Garland Crook was at Omaha Beach on June 6, 1944, eight hours after the first wave of men attacked.
He saw the 50-mile stretch along France’s coastline littered with bodies, and told the Tribune in 2016 he knew then how important the battle had been.
When asked today about that fateful day, the 94-year-old says he feels “very blessed to have survived.”
“No movie or photograph can capture what D-Day was really like,” he said.
Garland Crook is one of a shrinking number of American World War II veterans. According to U.S. Department of Veteran Affairs figures collected by the National WWII Museum, 496,777 of the 16 million Americans who served in World War II were alive in 2018. On average, 348 die each day.
To commemorate the 75th anniversary of D-Day next week, Garland Crook’s family is planning an event and is soliciting letters for him. He entered a Mandan nursing home in November due to his ailing health.
“The 75th anniversary is a big deal. It’ll be the last big anniversary for any of the survivors, and I just think it’s such a pivotal event,” said Garland Crook’s daughter, Lillian Crook.
Though the number of WWII veterans is dwindling, his story and many others’ are memorialized in the Veterans History Project of the Library of Congress. Garland Crook conducted many of his own interviews with other veterans as part of the project, according to Lillian Crook.

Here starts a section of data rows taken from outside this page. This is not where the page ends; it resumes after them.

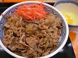 Gyūdon (牛丼; literally 'beef bowl'), is a Japanese dish consisting of a bowl of rice topped with beef and onion simmered in a mildly sweet sauce flavored with dashi (fish and seaweed stock), soy sauce and mirin (sweet rice wine). It also often includes shirataki noodles, and is sometimes topped with a raw egg or a soft poached egg (onsen tamago).
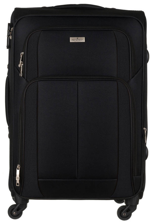 Zestaw trzech walizek podróżnych z miękkiego materiału. Walizki wyposażone w wygodne, teleskopowe rączki, wodoodporne adresowniki i ciche kółka. Wnętrza walizek zawierają elastyczne pasy zabezpieczające bagaż.
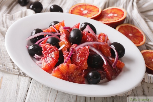 апельсин, маслины средние и мелкие, масло оливковое, лук репчатый, винный уксус 3%, перец черный молотый
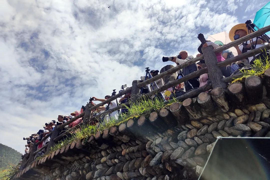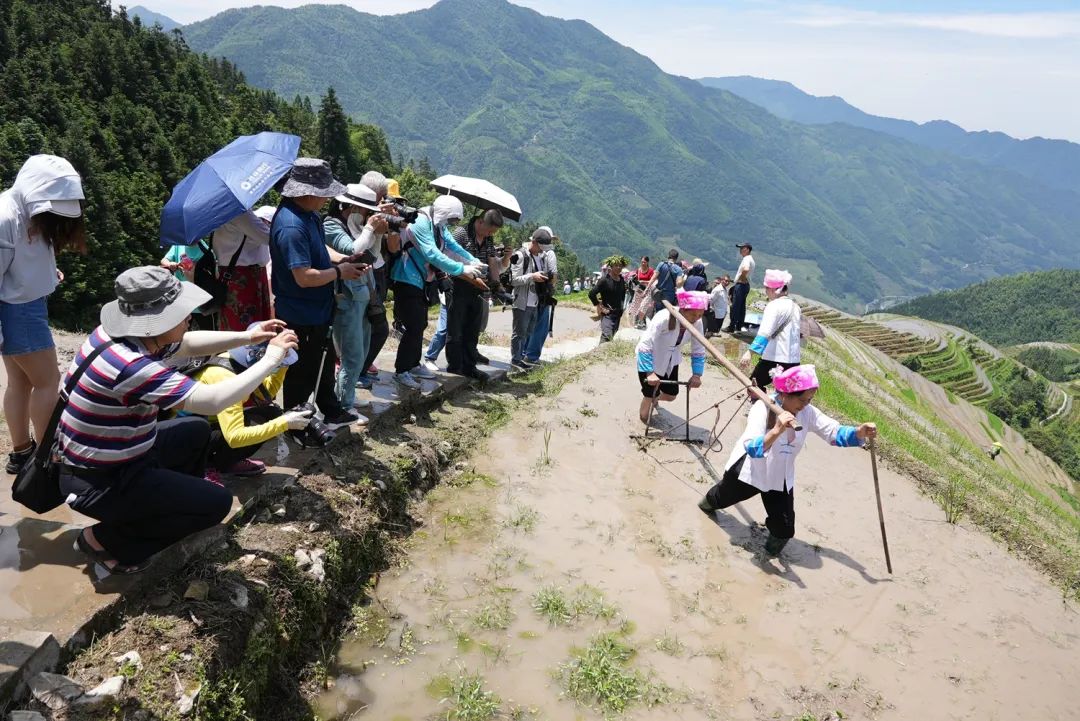 两声炮响,梯田里开始忙碌起来,偶耕、牛耕、梳秧、插秧,在“九龙五虎”上生动的展现出一幅立体的民俗风情画卷,演绎着大地的乐章。下午,村民还开展了生动有趣的插秧比赛、 梯田拔河比赛、抢凤鸡等传统的民俗活动。
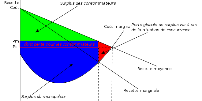 Avec la situation de monopole, l’entreprise est price-maker et peut ainsi se permettre de proposer un prix plus élevé. Ce qui engendre un surplus moins élevé pour les consommateurs. L’entreprise en situation de monopole va pouvoir, par contre, profiter d’un surplus plus important. Mais comme le montre le graphique, cela engendre une perte sèche, ce qui permet de dire que le monopole est sous-optimal dans son ensemble.
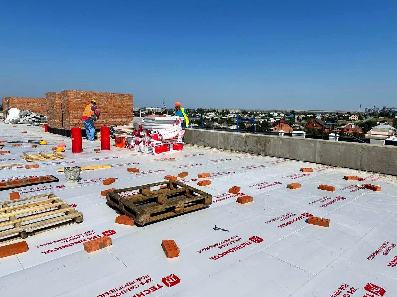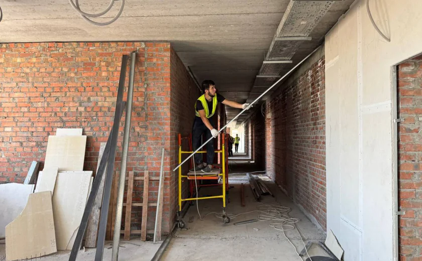 Сейчас строители обустраивают внутренние перегородки, разводку внутренних инженерных сетей и занимаются черновой отделкой. Кроме этого, ведутся работы по устройству пирога кровли трехэтажной части образовательного учреждения.
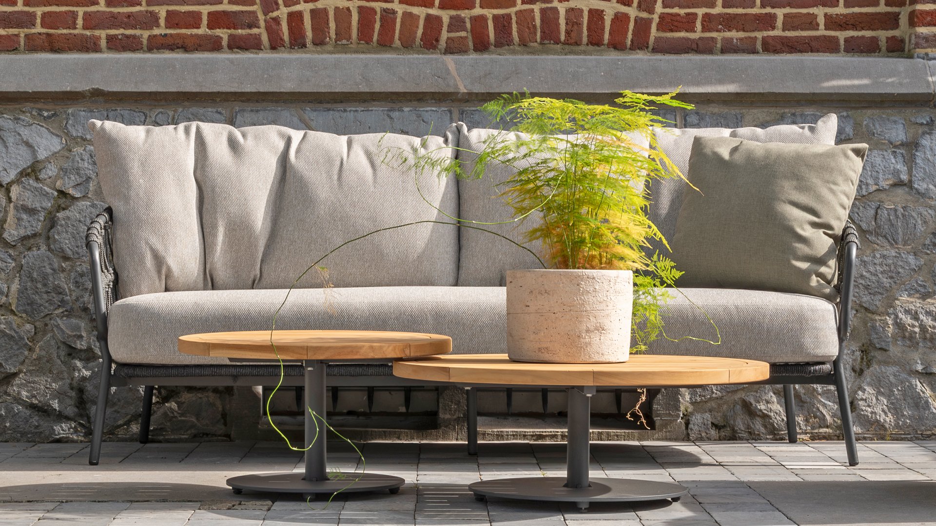 Dieses wunderschöne Material eignet sich perfekt für den Außenbereich, denn Rope ist nicht nur eine normale Spitze, an der Sie Ihre Schuhe binden können. Unsere runden Fäden sind mit einem Kunststoffkern versehen. Diese Basis aus Polypropylen sorgt dafür, dass sich das Rope minimal dehnt und sie nimmt außerdem keine Feuchtigkeit auf. Die Umhüllung besteht aus Acrylstoff, der mit dem wetterfesten Stoff unserer Gartenkissen vergleichbar ist. Diese Umhüllung fühlt sich weich an und ist sehr wasserabweisend, UV-beständig und farbecht. Die flachen Rope-Varianten besitzen den gleichen wetterfesten Materialmix, doch das Polypropylen-Material wurde hier mit dem Acryl-Stoff verwebt. Durch diese Technik besitzt das flache Rope die gleichen Eigenschaften, hat jedoch eine ganz andere Ausstrahlung.
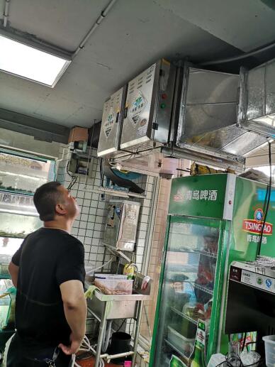 在檢查中,社區(qū)環(huán)保工作人員聯(lián)合街道環(huán)保辦深入餐飲企業(yè),現(xiàn)場(chǎng)查看了蠔太太海鮮大排檔廚房?jī)艋b置和設(shè)備使用情況。環(huán)保辦束科在了解具體情況后,發(fā)現(xiàn)該店油煙排放沒(méi)有達(dá)到距離居民住宅區(qū)30米,不符合環(huán)保大氣條例的要求,因此對(duì)該店提出更換凈化器及規(guī)范更改煙道的要求。
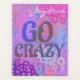 This spiral planner bursts with bold overlapping circles in pink, purple, blue, and peach. All hand drawn, the cover has a playful phrase “GO CRAZY” in multicolored letters, paired with a customizable name at the top and year at the bottom. It’s a vibrant, energetic design that inspires creativity and freedom of expression. Perfect for school, work, or personal journaling, this planner adds a splash of personality to everyday organization.
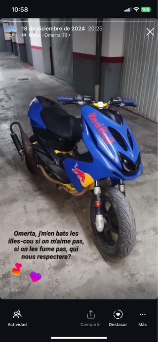 Se vende Yamaha Aerox preparada para competición. Está en muy buen estado. - Incluye cubierta TNT refrigerada. - Amortiguador trasero Bitubo. - Decoración MetraKit ProRace. - Preparación completa Metrakit. 85cc. - Frenos de disco delantero competición.

“He thought it was very important. He put a lot of time into interviewing people himself,” she said.
Garland Crook joined the U.S. Army at 17, not long after the attack on Pearl Harbor. He was so young his mother had to fill out the paperwork.
After training on anti-aircraft guns, he was sent to England on the Queen Elizabeth. He served at an airbase there before he was ordered to the beaches of Normandy.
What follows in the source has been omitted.